Adding that he has never seen an incident like it, he suggested that “somebody like the NCSC needs to go in and help them with IR.”
Public data on Harbit reveals that it is a ransomware strain that emerged in October 2022 and operates as a Ransomware-as-a-Service (RaaS), allowing affiliates to deploy it in exchange for a share of the ransom. The malware encrypts files, changes the system wallpaper to a JPEG with instructions for contacting the attackers via Tox, a peer-to-peer messaging platform, to negotiate payment.
Uniquely, HardBit operators request details about the victim’s cyber insurance to tailor the ransom demand, a tactic that exploits insurance coverage to increase the chance of payment. By early 2024, HardBit had evolved to version 4.0, adding obfuscation and requiring a passphrase during execution. Operators can use either a command-line or a graphical interface, depending on skill level.
Organizations can defend against HardBit by maintaining offline backups, training staff on phishing, segmenting networks, deploying advanced endpoint protection, and having a robust incident response plan.
Since Friday, major international hubs, including London’s Heathrow, Brussels, and Berlin airports, have faced flight delays. Operations at Brussels Airport on Wednesday continued to be impacted, with 6% of flights being canceled, according to 7sur7.
At the same time, news outlet Watson reported flight cancellations and delays have been reported at Berlin Brandenburg on Wednesday.
“The company has informed us that it can take several more days to provide a functional system,” a Berlin Brandenburg spokesperson said. “This is very unfortunate and surprised us. Exactly when everything will work properly again is not foreseeable.”

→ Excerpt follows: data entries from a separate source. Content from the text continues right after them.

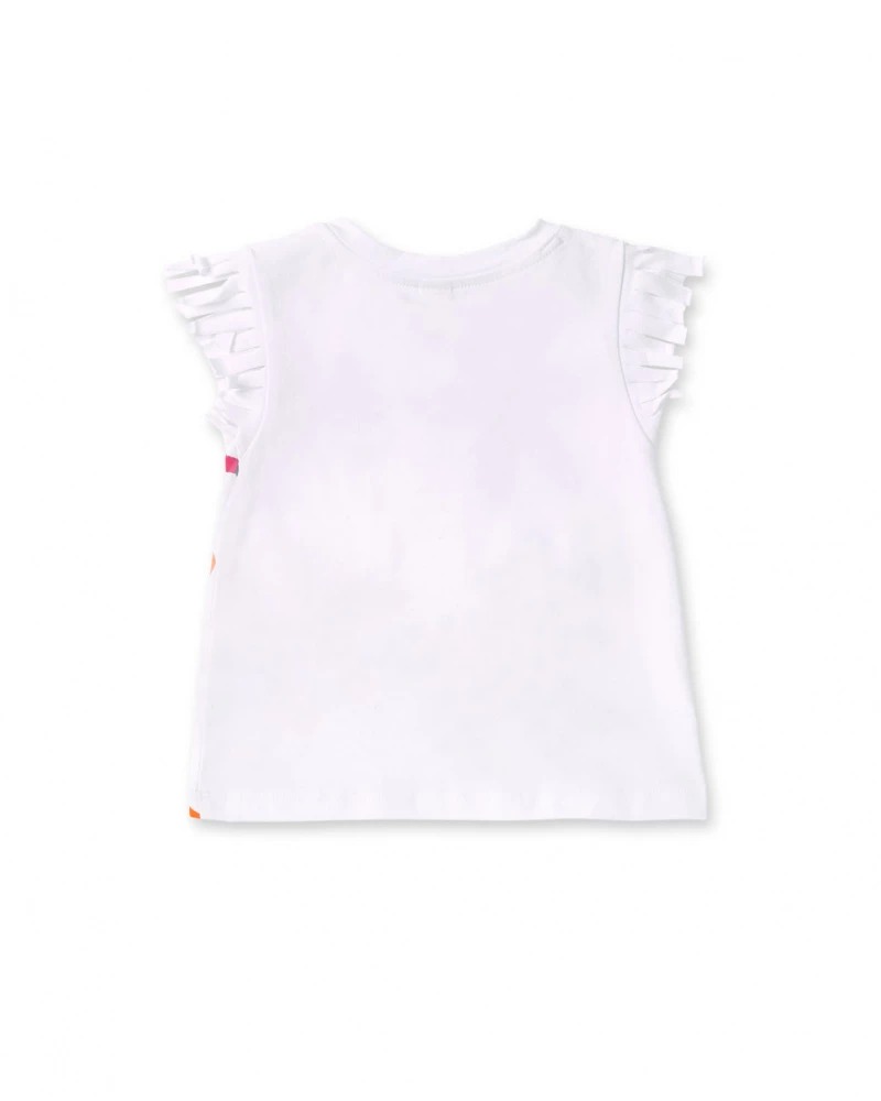 Maglietta per bambina a maniche corte bianca con stampa di palme di colore giallo, rosa, rosso e arancio. Dettaglio a frange sulle maniche.
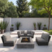 - Comprehensive Set: Includes a modular sofa, 2 club chairs, and a 40,000 BTU propane fire pit with a matching cover.
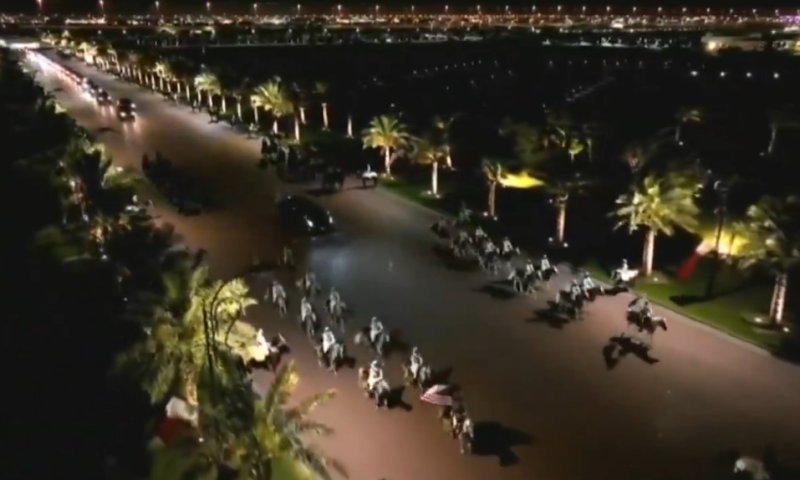 בתיעוד מרהיב במיוחד נראית שיירת הרכבים מלווה בעשרות פרשים שדהרו לפניה, חלק מטקס קבלת הפנים המלכותי. טראמפ התקבל בארמון לוסייל על ידי אמיר קטאר, שם השתתף בארוחת ערב חגיגית.
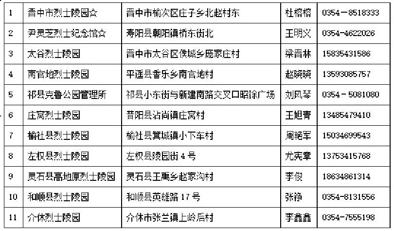 清明节期间,各地烈士纪念设施正常对外开放,为有效应对人流量变化,保障清明烈士祭扫安全平稳有序,晋中市各级烈士陵园现场祭扫将采取电话提前预约登记的方式保障烈士祭扫、纪念活动。
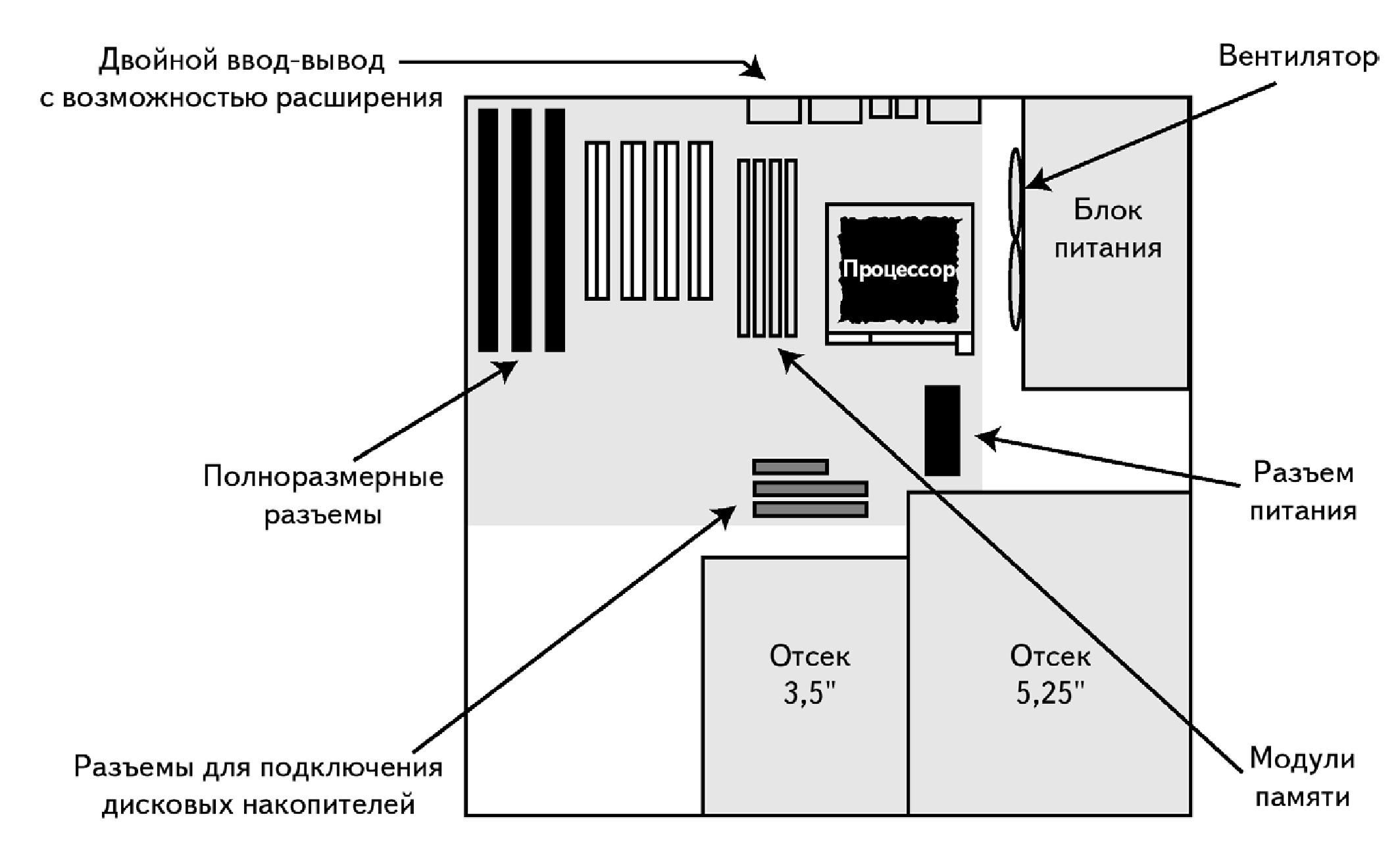 • Более удачное расположение внутренних разъемов ввода-вывода. Эти разъемы для накопителей на гибких и жестких дисках смещены и находятся не под разъемами расширения или самими накопителями, а рядом с ними. Поэтому можно уменьшить длину внутренних кабелей к накопителям, а для доступа к разъемам не нужно убирать одну из плат или накопитель.

Disruption at London Heathrow Airport eased significantly as Collins Aerospace confirmed an IT issue with the systems that it supplies to a number of airlines across Europe. “The vast majority of flights at Heathrow are operating as normal, but we encourage passengers to check the status of their flight before travelling to the airport and to arrive no earlier than three hours for long-haul flights and two hours for short-haul,” the airport said. “We are supporting affected airlines with their contingencies and have deployed additional colleagues in terminals to assist passengers,” it added.
CYFIRMA research released Tuesday assessed that Alixsec, Scattered Spider, and the Rhysida ransomware group are plausible actors, given their prior targeting patterns, history of high-profile disruptions, and demonstrated operational capabilities.
“On December 5, 2024, the threat group Alixsec reportedly announced intentions to target multiple UK critical infrastructure sites, including transportation, media, banking, defense, and government organizations, with London Heathrow Airport mentioned,” the research report added. “Their statements indicate a focus on high-value operational nodes, highlighting potential risks to airport operations, public services, and national infrastructure, underscoring the need for increased monitoring and defensive preparedness.”
In July, the Federal Bureau of Investigation (FBI) warned that the cybercriminal group Scattered Spider has been expanding its attacks to the airline sector. The group relies on social engineering, often impersonating employees or contractors to trick IT help desks into granting access.